VFIO driver: Non-privileged user level PCI drivers [Kernel]

Prev: ACPI patches for 2.6.35-merge
Next: ext4: Fix file fragmentation during large file write.

From: Avi Kivity on 2 Jun 2010 09:10

On 06/02/2010 03:50 PM, Joerg Roedel wrote:
>
>> The problem with this is that it is assymetric, dev1 is treated
>> differently from dev[234]. It's an unintuitive API.
>>
> Its by far more unintuitive that a process needs to explicitly bind a
> device to an iommu domain before it can do anything with it.

I don't really care about the iommu domain. It's a side effect. The
kernel takes care of it. I'm only worried about the API.

We have a memory map that is (often) the same for a set of devices.
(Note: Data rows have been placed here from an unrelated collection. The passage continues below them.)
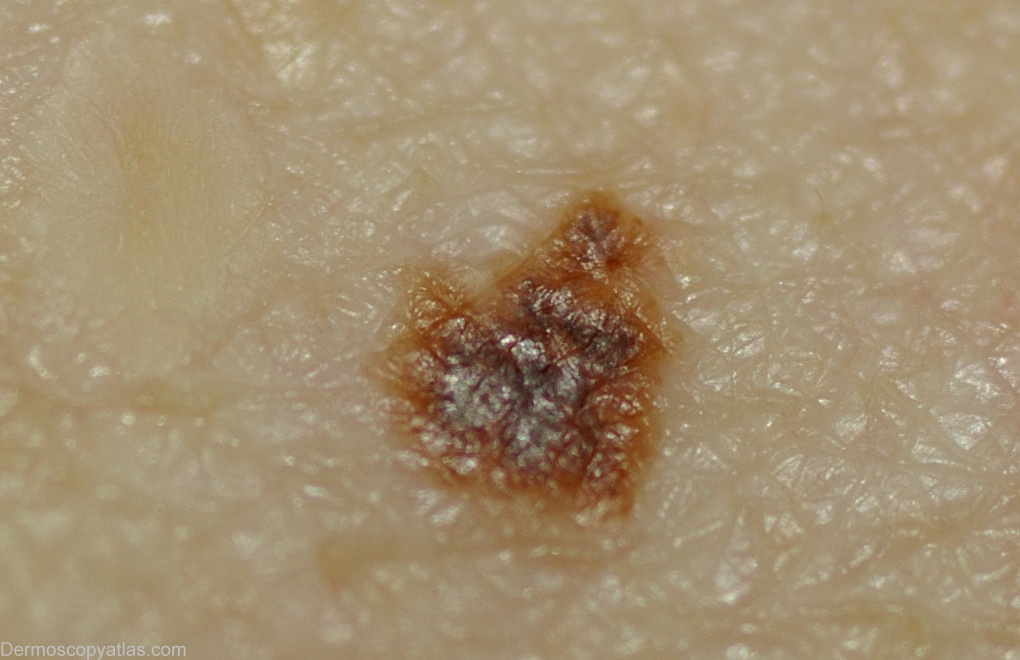 Description: Dermoscopy- Asymmetry of structures and colour.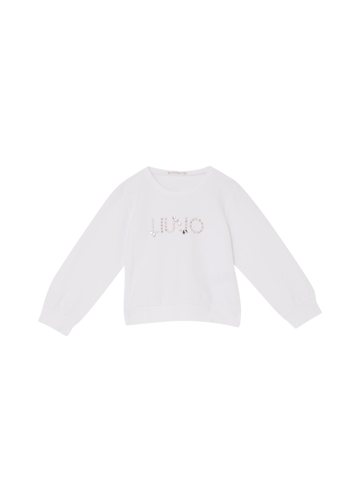 Felpa LIUJO bianca a girocollo, manica lunga e logo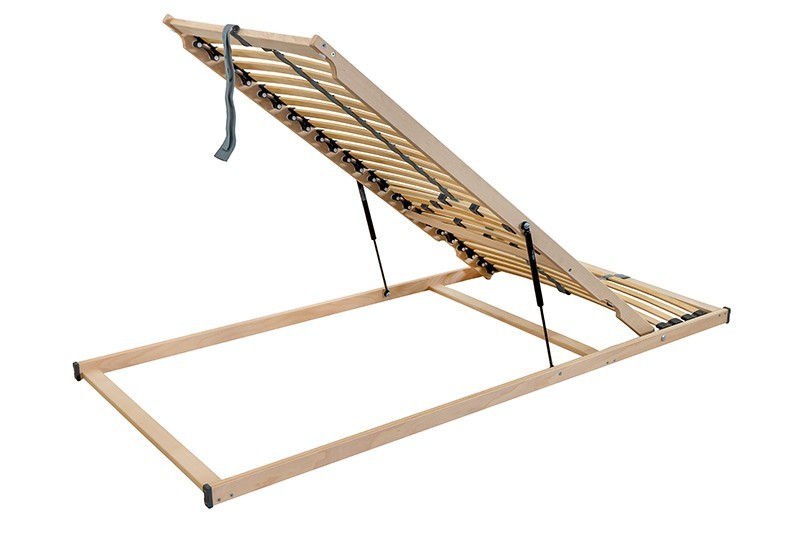 Rošt s výklopem nožní části pomocí pístu s přístupem do celého úložného prostoru. Rošt lze zvednout pomocí textilního úchytu. Lamely jsou uloženy po dvojicích v kaučukových pouzdrech, které jsou pružné a odolné. Jsou zároveň rozloženy do 3 anatomických zón pro optimální pocit opory a komfortu. Středový popruh zlepšuje stabilitu a nosnost roštu, posuvné objímky slouží k individuálnímu nastavení tuhosti v bederní části.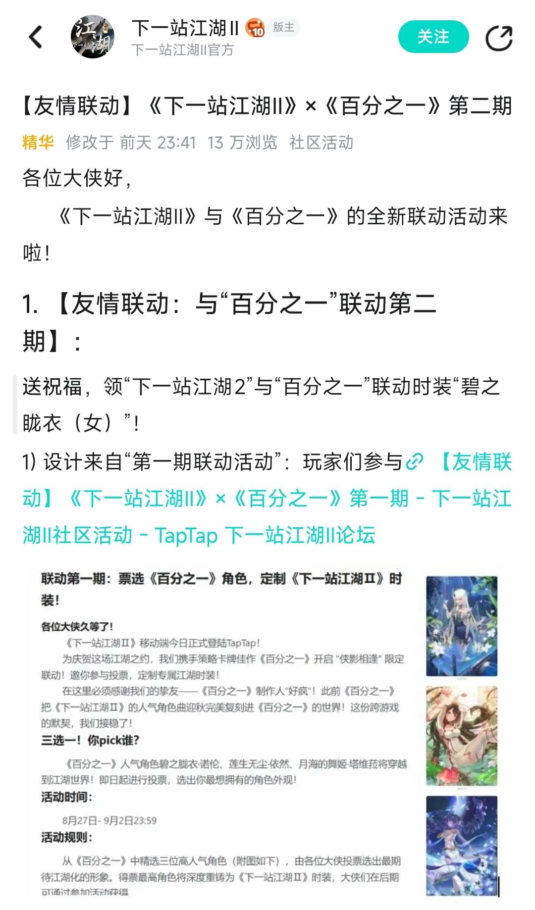 送祝福,领下一站江湖Ⅱ和百分之一联动时装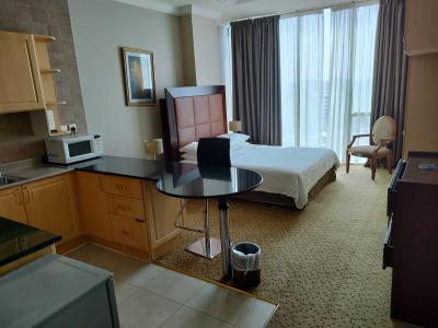 ドーハでの乗り継ぎ時間の関係で一泊だけ利用しました。空港から地下鉄を乗り継いで行くことが可能です。ただ歩くのは非常に暑いですが、歩いている人は少ないので問題ありません。部屋はシングルにも関わらずとても広く、またキッチンやレンジもあるので自炊も可能かと思います。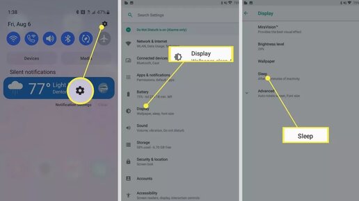 Что нужно знать В этой статье вы узнаете о трех основных способах поддержания экрана в активном состоянии на смартфоне или планшете Android. В ней вы узнаете, как изменить таймер бездействия, как использовать приложение для Android, чтобы экран оставался включенным, а также что нужно знать о функции Always on Display. Как сделать так, чтобы экран Android не выключался? Самый простой способ сделать так, чтобы экран вашего Android-устройства оставался включенным дольше, - настроить параметры встроенного режима Sleep...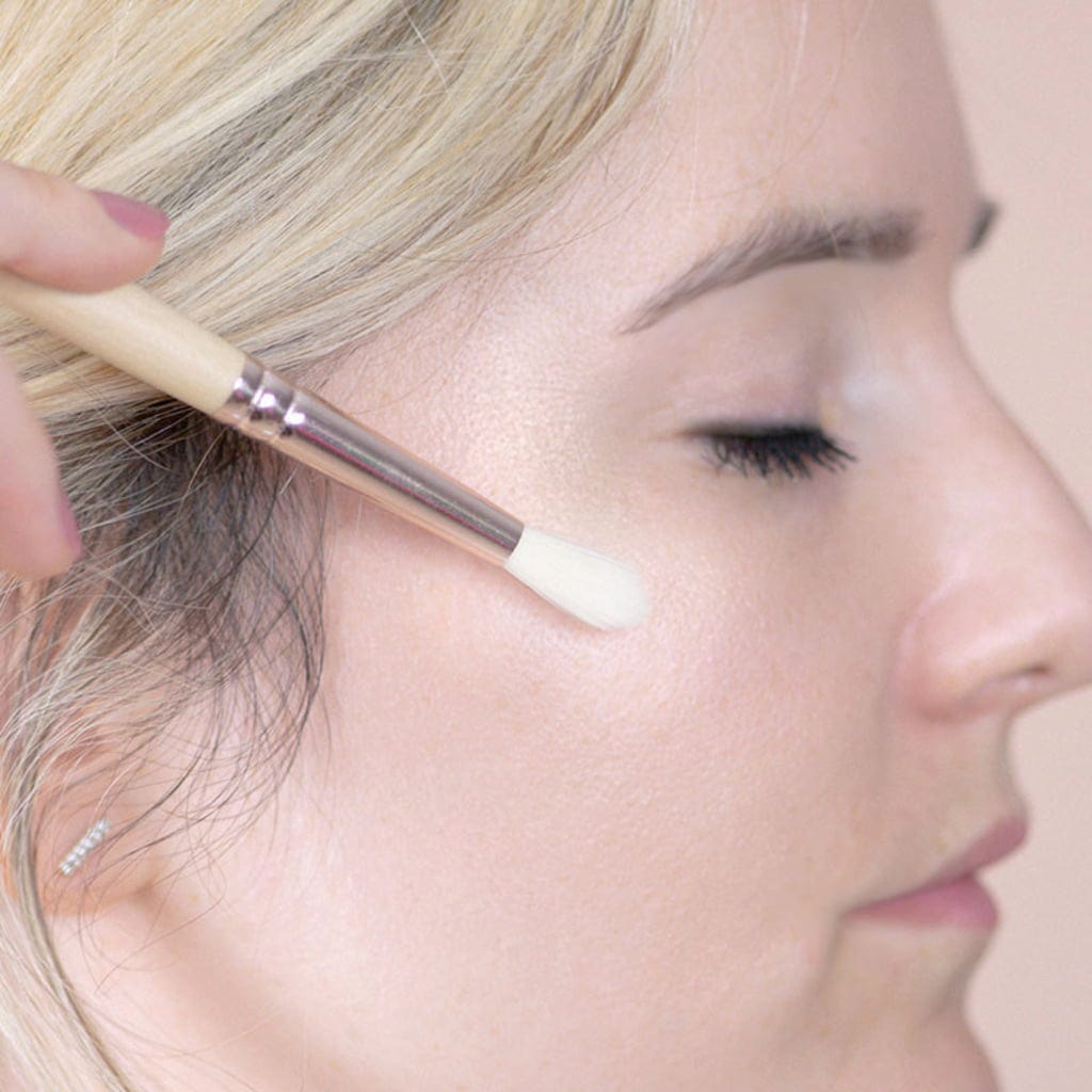 • Bruk rougebørsten nr.06 for å ta opp en liten mengde av pudderet og påfør forsiktig på de høyere ansiktspartiene, som kinnben og brynbuer.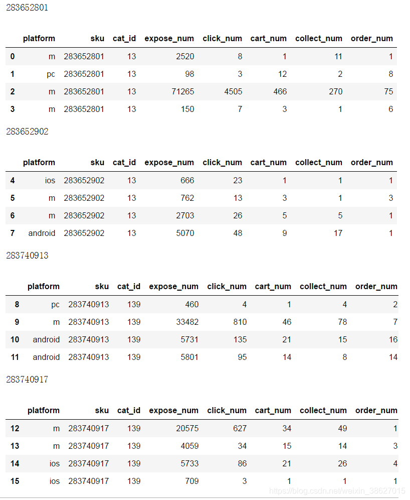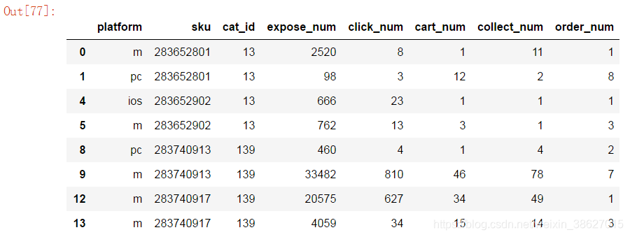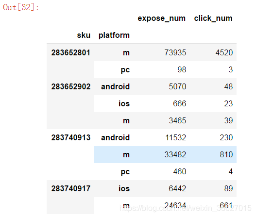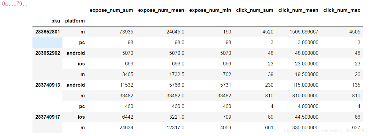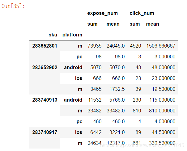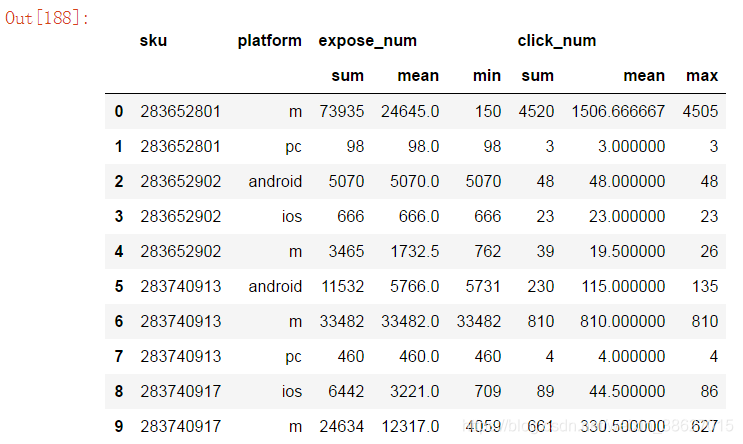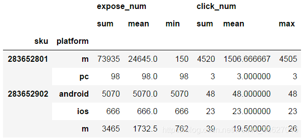 group_obj = df.groupby(['sku', 'platform']).agg({'expose_num':['sum','mean','min'],'click_num':['sum','mean','max']})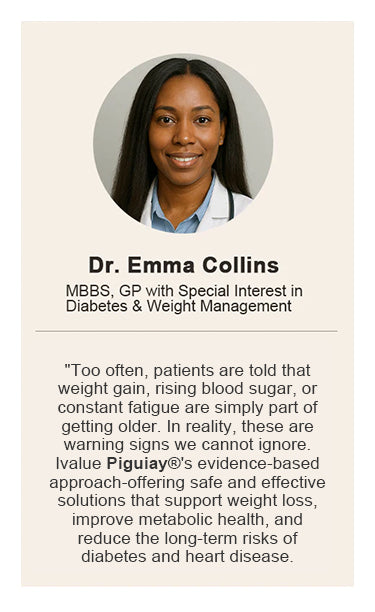 "As an endocrinologist, I am committed to finding effective and natural solutions for metabolic health and weight management. After extensive research and clinical trials with over 5,000 participants, I have found that PIGUIAYยฎ GLP-1 Six in One Health Solution Oral Liquid offers remarkable benefits for metabolism, appetite control, and overall well-being. This formula naturally supports GLP-1 activation, helping regulate blood sugar levels, curb cravings, and enhance fat burning. Its powerful blend of apple cider vinegar, turmeric, and other natural ingredients not only aids in healthy weight loss but also promotes digestive health, boosts immunity, and supports long-term metabolic balance. With the backing of modern medical research, PIGUIAYยฎย GLP-1 Six in One Health Solution Oral Liquidย is a trusted, science-driven choice for those seeking a natural and effective approach to weight management and overall health."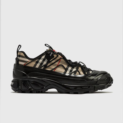 버버리에서 출시된 빈티지 체크 코튼 레더 아서 스니커즈입니다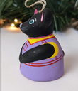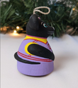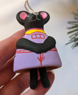 What a rare find! Black Mouse Christmas Bell Ornament. This is adorable. This mouse has a darling face with pink ears and a purple outfit. It's feet dangle from inside creating the chime for the bell, so cute!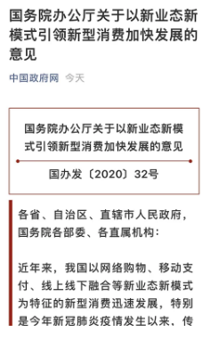 近年来,我国以网络购物、移动支付、线上线下融合等新业态新模式为特征的新型消费迅速发展,特别是今年新冠肺炎疫情发生以来,传统接触式线下消费受到影响,新型消费发挥了重要作用,有效保障了居民日常生活需要,推动了国内消费恢复,促进了经济企稳回升。但也要看到,新型消费领域发展还存在基础设施不足、服务能力偏弱、监管规范滞后等突出短板和问题。在常态化疫情防控条件下,为着力补齐新型消费短板、以新业态新模式为引领加快新型消费发展,经国务院同意,现提出以下意见。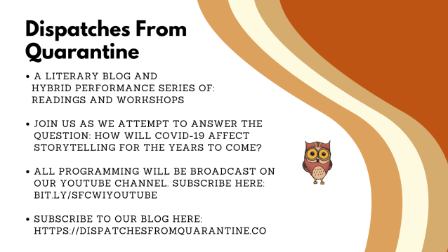 I’m pleased to announce that San Francisco Creative Writing Institute just received a Local Impact Award from the California Arts Council. State funds will support Dispatches from Quarantine: A literary blog turned hybrid performance series of literary events and workshops that attempt to answer the question: How will Covid-19 affect storytelling for the years to come?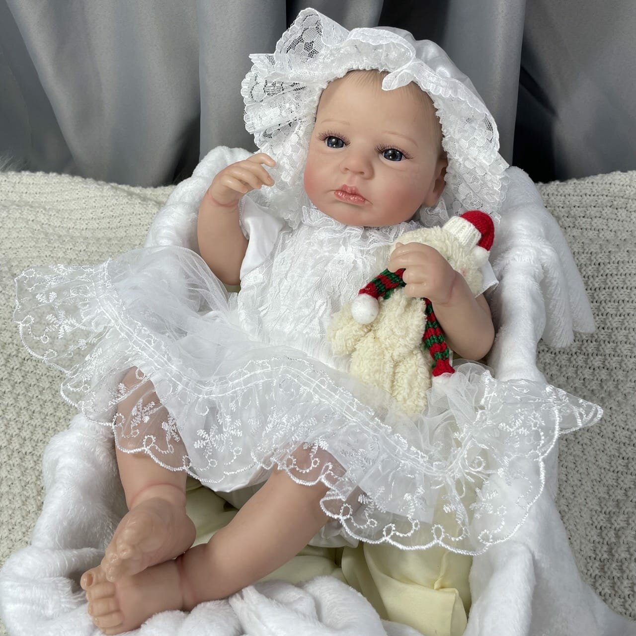 Купить Кукла реборн NPK девочка 50 см. Виниловая кукла Reborn в белом платье. Можно купать.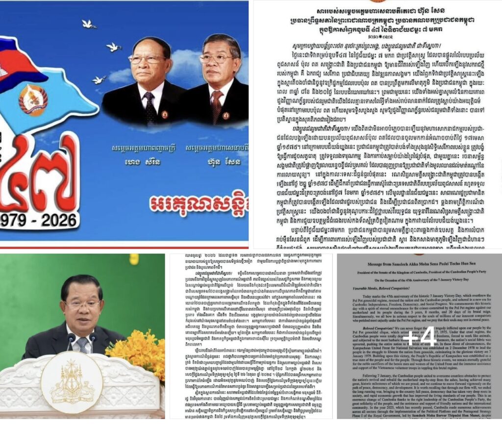 ថ្ងៃនេះជាទិវាគម្រប់ខួបទី៤៧ នៃថ្ងៃជ័យជម្នះ ៧ មករា ជាប្រវត្តិសាស្ត្រ ដែលបានផ្តួលរំលំរបបប្រល័យ ពូជសាសន៍ ប៉ុល ពត សង្គ្រោះជាតិ និងប្រជាជនកម្ពុជា ឱ្យមានជីវិតរស់ឡើងវិញ ហើយបើកឡើងនូវសករាជថ្មី របស់កម្ពុជា គឺ ឯករាជ្យ សេរីភាព ប្រជាធិបតេយ្យ និងវឌ្ឍនភាពសង្គម។ យើងរំឭកទិវាជាប្រវត្តិសាស្ត្រនេះឡើង ក្នុងស្មារតីចងចាំជានិច្ចនូវឧក្រិដ្ឋកម្មដែលរបបប៉ុល ពត បានប្រព្រឹត្តមកលើមាតុភូមិ និងប្រជាជនកម្ពុជា ក្នុងរយៈ ពេល ៣ឆ្នាំ ៨ខែ និង២០ថ្ងៃ នៃរបបដ៏ឃោរឃៅនេះ។ ព្រមជាមួយនេះ យើងទាំងអស់គ្នាសូមលំឱនកាយគោរព ដួងវិញ្ញាណក្ខ័ន្ធរបស់ជនរួមជាតិយើងដែលគ្មានទោសពៃរ៍អ្វីទាំងអស់រាប់លាននាក់ដែលត្រូវស្លាប់យ៉ាងអយុត្តិធម៌ បំផុតនៅក្រោមរបបប៉ុល ពត ហើយសូមឧទ្ទិសបួងសួង សូមឱ្យដួងវិញ្ញាណក្ខ័ន្ធរបស់ជនរួមជាតិទាំងនោះ បានទៅ ប្រតិស្ឋានក្នុងសុគតិភពជារៀងដរាប។
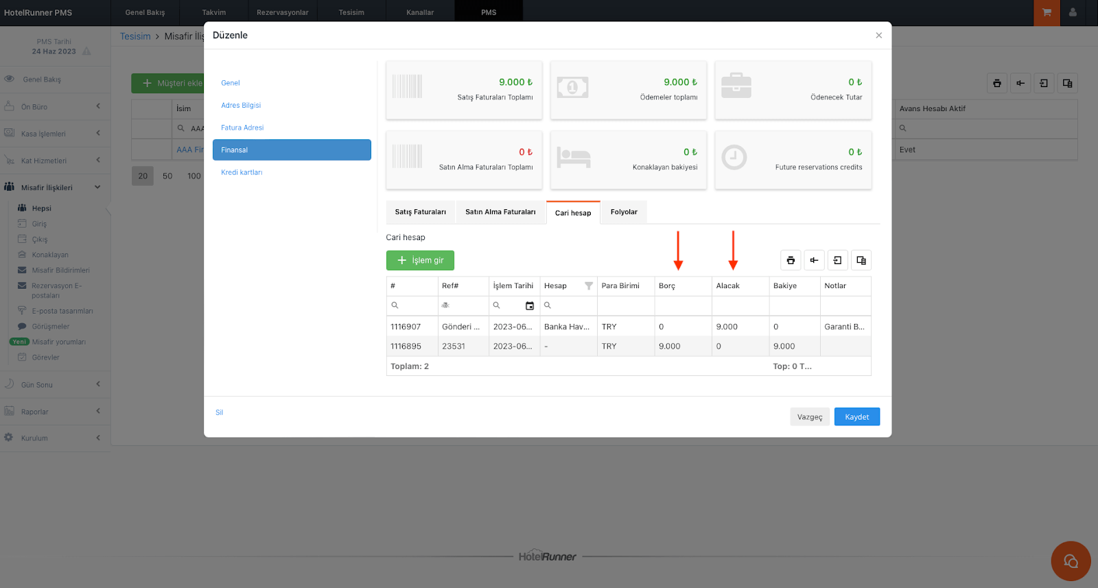 Misafir Hesabına Cari Ödeme Ekleme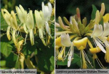 Lonicera japonica ‘Halliana’ Жимолость японская – зона 6А. Обильно цветущая вечнозелёная лиана с изначально белыми, затем жёлтыми, очень ароматными цветами, VI-X. Цветёт на прошлогодних побегах. Достигает 5 м (1-2 м в год). Предпочитает почвы нейтральные. Рекомендуется высаживать у высоких ограждений, деревьев и опор, как почвопокровник для покрытия больших территорий.
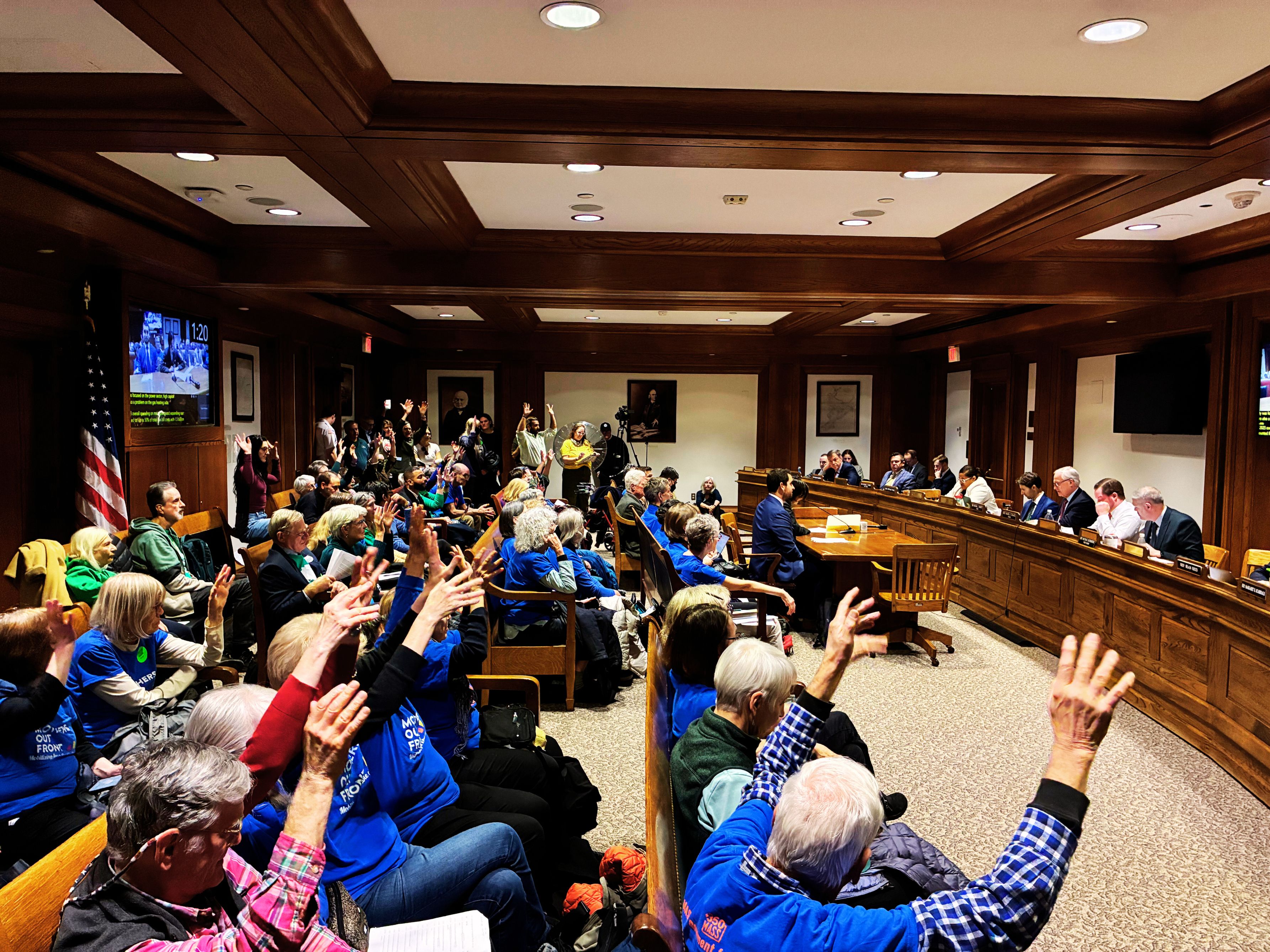 On Thursday, over 150 climate activists including 350 Mass members and allies packed the State House for the hearing on the People Over Energy Profits bill, H.3547/S.2290, that would prevent the expansion of big pipelines and power plants within 5 miles of an environmental justice community. It's rare to get an opportunity to criticize legislators to their face, but at the hearing advocate after advocate got a chance to tell the House chair just how bad his bill will be for our communities, our climate, and for its supposed goal of affordability. Eventually the chair simply left and gave up on chairing his own hearing!

If
you were coding a non-kernel interface, how would you code it?

struct memory_map;
void memory_map_init(struct memory_map *mm, ...);
struct device;
void device_set_memory_map(struct device *device, struct memory_map *mm);

or

struct device;
void device_init_memory_map(struct device *dev, ...);
void device_clone_memory_map(struct device *dev, struct device *other);

I wouldn't even think of the second one personally.

> If its
> required anyway the binding can happen implicitly. We could allow to do
> a nop 'ioctl(dev1, SHARE, dev1)' to remove the asymmetry.
>

It's still special. You define the memory map only for the first
device. You have to make sure dev1 doesn't go away while sharing it.

> Note that this way of handling userspace iommu mappings is also a lot
> simpler for most use-cases outside of KVM. If a developer wants to write
> a userspace driver all it needs to do is:
>
> dev = open();
> ioctl(dev, MAP, ...);
> /* use device with mappings */
> close(dev);
>
> Which is much easier than the need to create a domain explicitly.
>

mm = open()
ioctl(mm, MAP, ...)
dev = open();
ioctl(dev, BIND, mm);
....
close(mm);
close(dev);

so yes, more work, but once you have multiple devices which come and go
dynamically things become simpler. The map object has global lifetime
(you can even construct it if you don't assign any devices), the devices
attach to it, memory hotplug updates the memory map but doesn't touch
devices.

--
error compiling committee.c: too many arguments to function

--
To unsubscribe from this list: send the line "unsubscribe linux-kernel" in
the body of a message to majordomo(a)vger.kernel.org
More majordomo info at http://vger.kernel.org/majordomo-info.html
Please read the FAQ at http://www.tux.org/lkml/

From: Joerg Roedel on 2 Jun 2010 09:10

On Wed, Jun 02, 2010 at 03:34:17PM +0300, Michael S. Tsirkin wrote:
> On Wed, Jun 02, 2010 at 02:19:28PM +0200, Joerg Roedel wrote:

> you normally need device mapped to start DMA.
> SHARE makes this bug more likely as you allow
> switching domains: mmap could be done before switching.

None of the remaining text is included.